Little Mountain developer promises to deliver on social housing despite Vancouver easing requirements
The developer behind a troubled Vancouver housing project has vowed to build the 282 social housing units proposed for the site in a timely manner, despite the City of Vancouver relaxing a term of its agreement that would require the social housing to be completed first.
Holborn Properties Ltd. bought the Little Mountain site near Queen Elizabeth Park from the province in 2008 for $334 million. The 15 acres of land have sat mostly empty ever since.
After the sale, hundreds of residents were displaced from over 200 social housing units that were torn down. Part of Holborn’s deal with the province was that it would replace those units.
Over a decade later, 53 social housing units have been built, and 62 more are under construction, according to the developer. None of the roughly 1,400 market condos proposed for the site have been built yet.
On Wednesday, Vancouver councillors voted 7-3 to remove “occupancy permit holds” on the first two phases of the Little Mountain development. Those holds required Holborn to build all of the slated social housing units before it started on the market units.
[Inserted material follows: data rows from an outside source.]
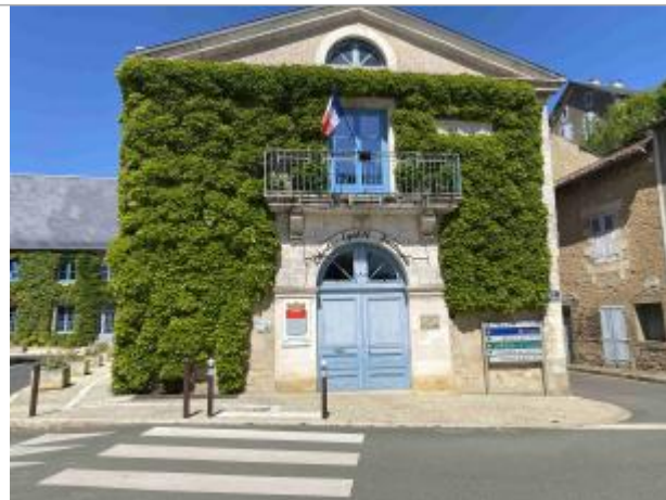
Vue sur la façade de la mairie (côté passage piéton)
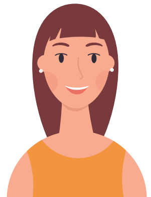
Mensch mit Assistenzbedarf
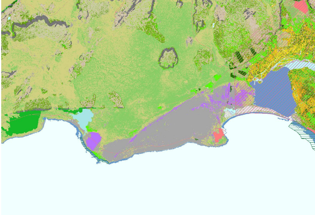
Vistgerðakort Náttúrufræðistofnunar Íslands. Skipulagssvæðið er innan rauða hringsins.

Holborn asked that the city remove the holds, saying it couldn’t secure financing for the project with them in place.
“When the banks come in and finance you they need to have something certain, like some collateral. And the collateral they look at is the market parcels,” Joo Kim Tiah, president of Holborn, told CTV News.
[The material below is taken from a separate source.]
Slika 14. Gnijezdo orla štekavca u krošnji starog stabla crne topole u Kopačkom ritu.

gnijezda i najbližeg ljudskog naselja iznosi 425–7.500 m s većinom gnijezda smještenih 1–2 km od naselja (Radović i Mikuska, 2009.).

“They basically said they would not lend me anything as long as the occupancy holds are there because the market parcels basically have no value if they are subject to the occupancy holds of the social housing parcels,” he continued.
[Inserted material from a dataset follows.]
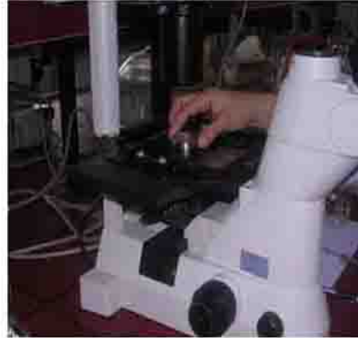
۲- جداسازی روتیفر

At the policy and strategic priorities standing committee Wednesday, OneCity Coun. Christine Boyle was strongly opposed to removing the holds and raised concern that Holborn wouldn’t make good on its promise to deliver social housing without the city’s ability to hold it accountable.
“We and the public have no reason to trust Holborn on this,” she told fellow councillors.
“This is a multi-national company with billions of dollars in assets and they’re coming to us and saying that they can’t finance the condos that they plan to build and want to get off the hook on building the social housing as quickly,” she said.
When asked about Boyle’s comments, Tiah said he was still obligated to build the social housing.
“The requirement of me to fulfill the social housing are clearly stated in the sales and purchase agreement with the province,” he said. “If I don’t deliver social housing the province can probably foreclose on me at a certain point in time, but it’s in my best interest to get the social housing done as quickly as possible because that’s how I repay the province.”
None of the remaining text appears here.